The application of data mining techniques in financial fraud detection: A classification framework and an academic review of literature

  • Authors:
  • E. W. T. Ngai;Yong Hu;Y. H. Wong;Yijun Chen;Xin Sun

  • Affiliations:
  • Department of Management and Marketing, The Hong Kong Polytechnic University, Kowloon, Hong Kong, PR China;Institute of Business Intelligence and Knowledge Discovery, Department of E-commerce, Guangdong University of Foreign Studies, Sun Yat-Sen University, Guangzhou 510006, PR China;Department of Management and Marketing, The Hong Kong Polytechnic University, Kowloon, Hong Kong, PR China;Institute of Business Intelligence and Knowledge Discovery, Department of E-commerce, Guangdong University of Foreign Studies, Sun Yat-Sen University, Guangzhou 510006, PR China;Institute of Business Intelligence and Knowledge Discovery, Department of E-commerce, Guangdong University of Foreign Studies, Sun Yat-Sen University, Guangzhou 510006, PR China

  • Venue:
  • Decision Support Systems
  • Year:
  • 2011

Quantified Score

Hi-index 0.01

Visualization

Abstract

This paper presents a review of - and classification scheme for - the literature on the application of data mining techniques for the detection of financial fraud.
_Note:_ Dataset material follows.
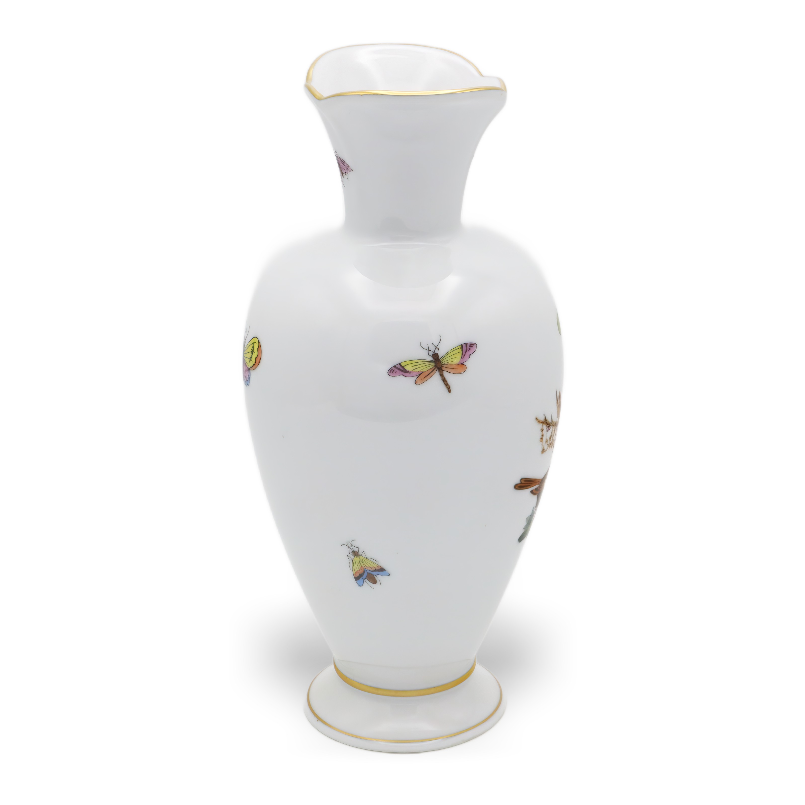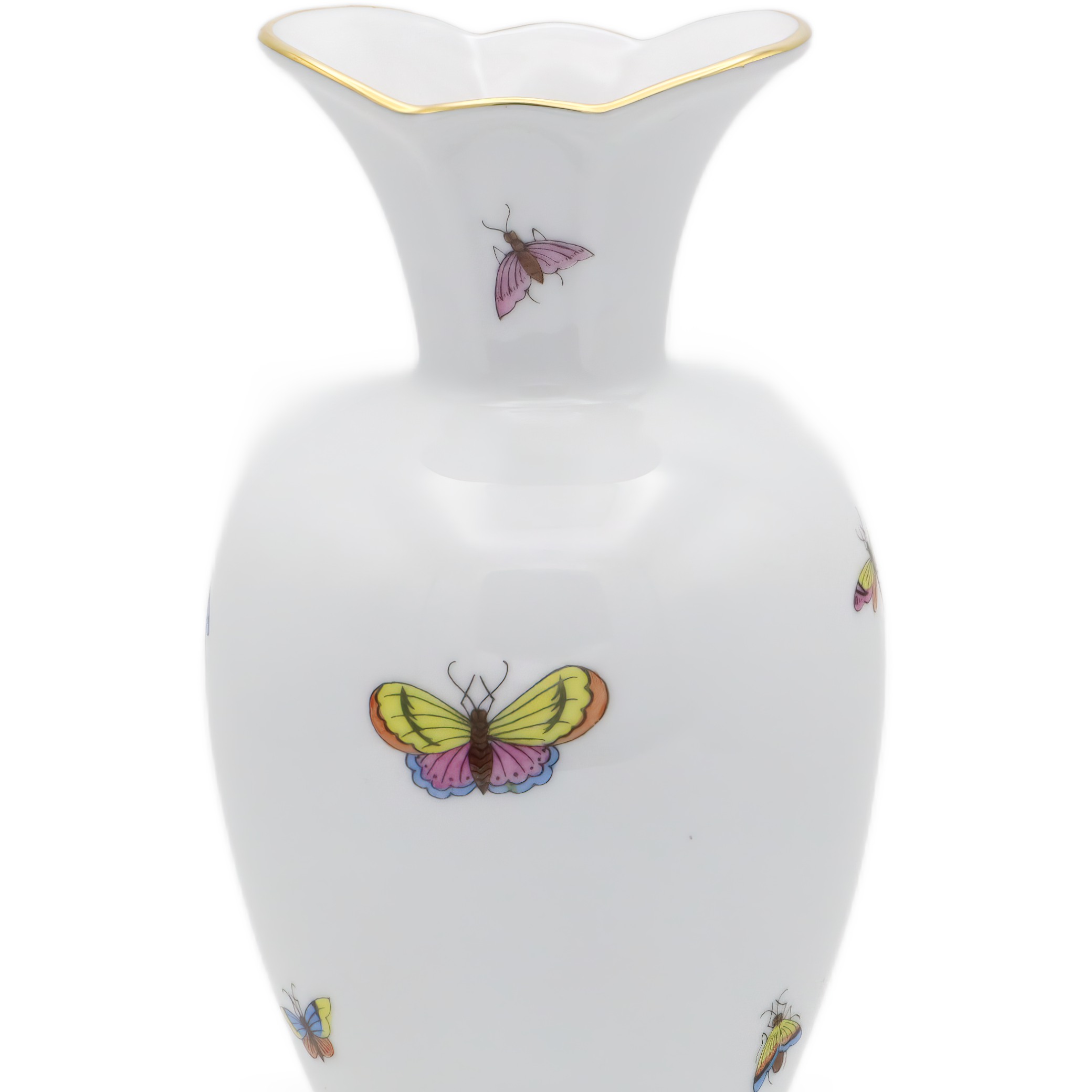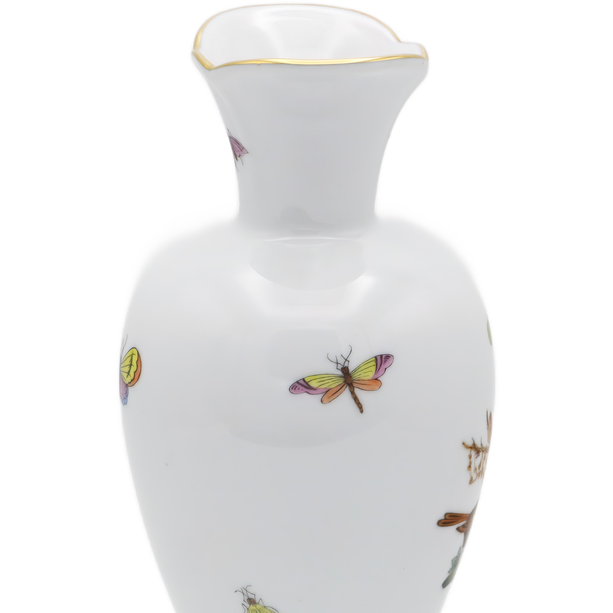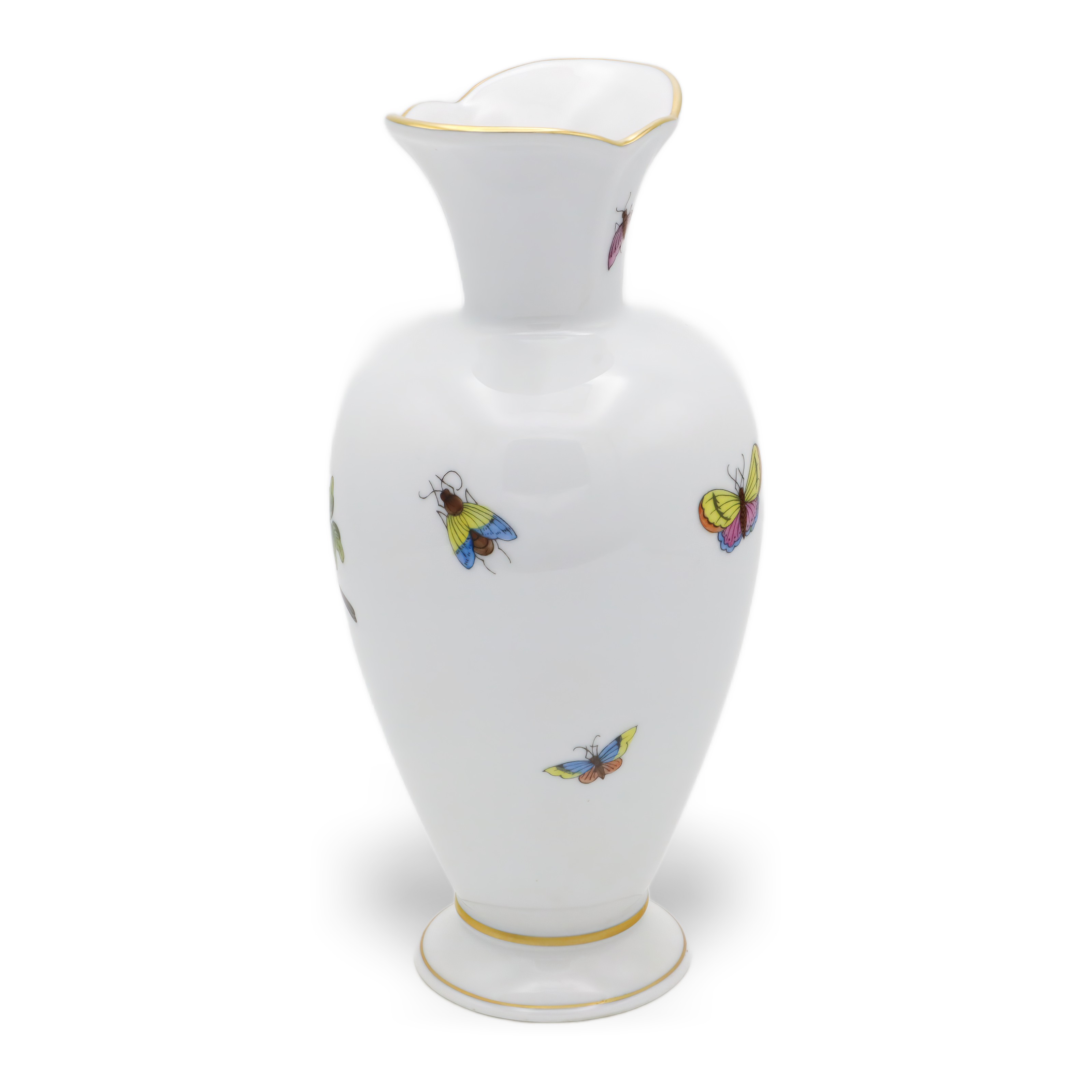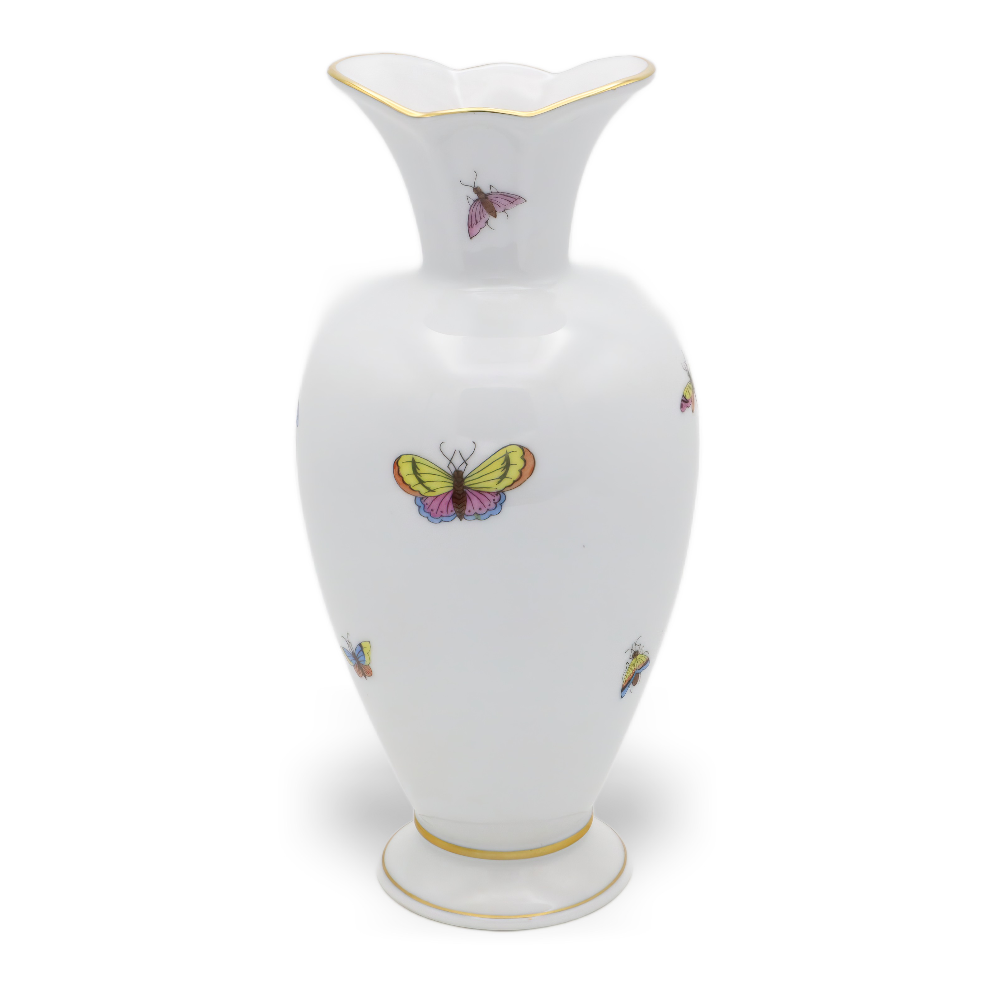 Über der hauchdünnen Porzellanglasur erkennt man die feine Pinselführung und die meisterliche Handarbeit der Herend-Künstler. Um den Hals tanzt ein zart gemaltes Schmetterlingsdekor, das dem Stück zusätzliche Verspieltheit und Leichtigkeit verleiht – ein kleiner, aber feiner Kontrast zum präzisen, fast botanischen Naturalismus der Vogelmalerei. Das Gesamtbild wirkt niemals überladen: Vielmehr strahlt diese Vase einen zurückhaltenden Luxus aus, der in Kombination mit jedem Wohnstil funktioniert und mühelos zu einem echten Blickfang avanciert.
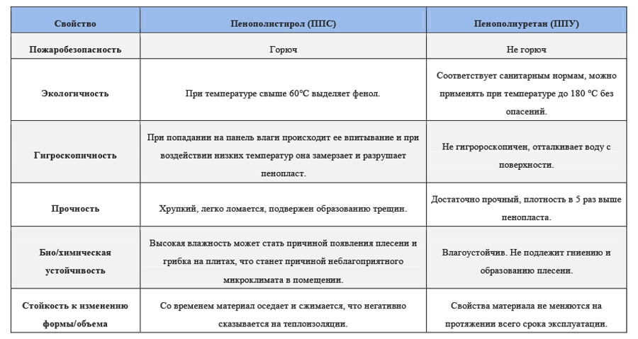 Сравнение пенополиуретана или пенополистирола

Although financial fraud detection (FFD) is an emerging topic of great importance, a comprehensive literature review of the subject has yet to be carried out. This paper thus represents the first systematic, identifiable and comprehensive academic literature review of the data mining techniques that have been applied to FFD. 49 journal articles on the subject published between 1997 and 2008 was analyzed and classified into four categories of financial fraud (bank fraud, insurance fraud, securities and commodities fraud, and other related financial fraud) and six classes of data mining techniques (classification, regression, clustering, prediction, outlier detection, and visualization). The findings of this review clearly show that data mining techniques have been applied most extensively to the detection of insurance fraud, although corporate fraud and credit card fraud have also attracted a great deal of attention in recent years. In contrast, we find a distinct lack of research on mortgage fraud, money laundering, and securities and commodities fraud. The main data mining techniques used for FFD are logistic models, neural networks, the Bayesian belief network, and decision trees, all of which provide primary solutions to the problems inherent in the detection and classification of fraudulent data. This paper also addresses the gaps between FFD and the needs of the industry to encourage additional research on neglected topics, and concludes with several suggestions for further FFD research.